One question, are you sending critically sampled symbols to the block?
This block is really meant to operate on 1 sps, preferably where that
one sample is at the optimal sampling point. So it’s really meant to
come after a timing recovery loop and/or equalizer. This is the
scenario that I’ve used in the past with low SNRs. I can’t tell you
the actual SNR, but visually it would have been down to 5 - 8 dB (just
looking at the constellation) for QPSK signals.

So 2pi/1000 seems very small, but then again, that’s why this value is
an adjustable parameter so you can tweak it for your purposes.

If you’re looking for more information on the control loop, I have a
post here:

Tom

On 21/09/2012, at 11:37 PM, Tom R. wrote:

scenario that I’ve used in the past with low SNRs. I can’t tell you
the actual SNR, but visually it would have been down to 5 - 8 dB (just
looking at the constellation) for QPSK signals.
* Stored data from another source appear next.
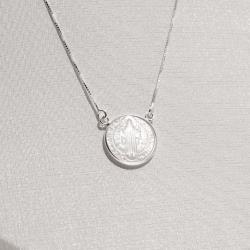 Colar entremeio medalha São Bento madrepérola 16mm 45cm | Mya Prata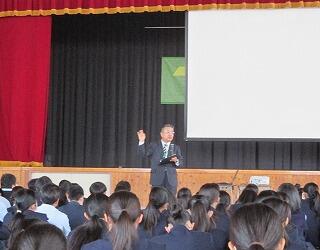 総合的な探求の時間に、宮崎県立農業大学校の説明会が行われました。講師として、農業大学校の副校長先生と2年生の生徒(都城農業高校卒業生)をお招きし、テレビで放送されたビデオを通してわかりやすく懇切丁寧な農大についての説明をしていただきました。また、生徒からの率直な疑問にも分かりやすく答えていただき、中身の濃い50分間の説明会となりました。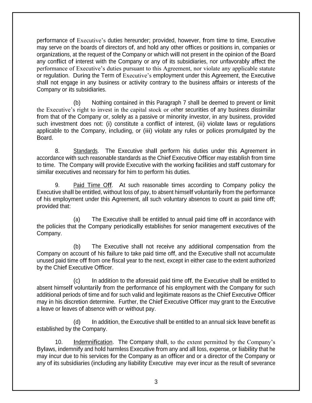 3 performance of Executive’s duties hereunder; provided, however, from time to time, Executive may serve on the boards of directors of, and hold any other offices or positions in, companies or organizations, at the request of the Company or which will not present in the opinion of the Board any conflict of interest with the Company or any of its subsidiaries, nor unfavorably affect the performance of Executive’s duties pursuant to this Agreement, nor violate any applicable statute or regulation. During the Term of Executive’s employment under this Agreement, the Executive shall not engage in any business or activity contrary to the business affairs or interests of the Company or its subsidiaries. (b) Nothing contained in this Paragraph 7 shall be deemed to prevent or limit the Executive’s right to invest in the capital stock or other securities of any business dissimilar from that of the Company or, solely as a passive or minority investor, in any business, provided such investment does not: (i) constitute a conflict of interest, (ii) violate laws or regulations applicable to the Company, including, or (iii) violate any rules or polices promulgated by the Board. 8. Standards. The Executive shall perform his duties under this Agreement in accordance with such reasonable standards as the Chief Executive Officer may establish from time to time. The Company will provide Executive with the working facilities and staff customary for similar executives and necessary for him to perform his duties. 9. Paid Time Off. At such reasonable times according to Company policy the Executive shall be entitled, without loss of pay, to absent himself voluntarily from the performance of his employment under this Agreement, all such voluntary absences to count as paid time off; provided that: (a) The Executive shall be entitled to annual paid time off in accordance with the policies that the Company periodically establishes for senior management executives of the Company. (b) The Executive shall not receive any additional compensation from the Company on account of his failure to take paid time off, and the Executive shall not accumulate unused paid time off from one fiscal year to the next, except in either case to the extent authorized by the Chief Executive Officer. (c) In addition to the aforesaid paid time off, the Executive shall be entitled to absent himself voluntarily from the performance of his employment with the Company for such additional periods of time and for such valid and legitimate reasons as the Chief Executive Officer may in his discretion determine. Further, the Chief Executive Officer may grant to the Executive a leave or leaves of absence with or without pay. (d) In addition, the Executive shall be entitled to an annual sick leave benefit as established by the Company. 10. Indemnification. The Company shall, to the extent permitted by the Company’s Bylaws, indemnify and hold harmless Executive from any and all loss, expense, or liability that he may incur due to his services for the Company as an officer and or a director of the Company or any of its subsidiaries (including any liability Executive may ever incur as the result of severance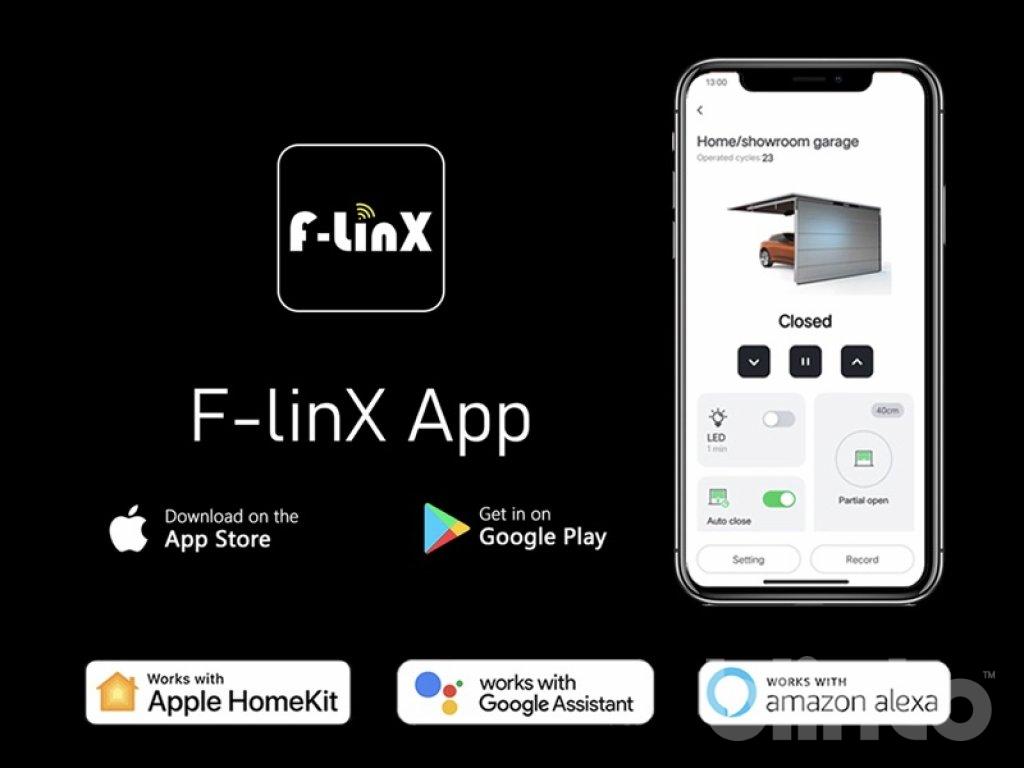 Garagemotor öppnare med inbyggd WiFi-modul för att möjliggöra kontroll och drift med F-LinX App som finns att ladda ner i Apple App Store och Google Play

So 2pi/1000 seems very small, but then again, that’s why this value is
an adjustable parameter so you can tweak it for your purposes.

If you’re looking for more information on the control loop, I have a post here:
Control Loop Gain Values — Rondeau Research

Tom
Hi Tom,
Spent some time during the weekend on reading your post and now
understand most of the bandwidth stuff.
Thanks for the great work.

Yes, in my system the phase recovery follows the timing recovery at one
sample per symbol.
I constructed a test in grc in baseband 1sps as attached.
The frequency output from costas loop is connected to scope.
When loop bandwidth is set to 2pi/100, the frequency varies a lot. I
think this might explain the phase slip problem. Although the
constellation seems OK, but the phase slip is not tolerable.
A smaller loop bandwidth will improve the frequency variation as well as
the phase slip.
However, that leads to longer initial catch up time, which is
proportional to inverse of bandwidth.
For my case, this is fine since it is a continuous transmission system.
But for a packet-wise transmission with short packet length, this could
be of no use.
KZ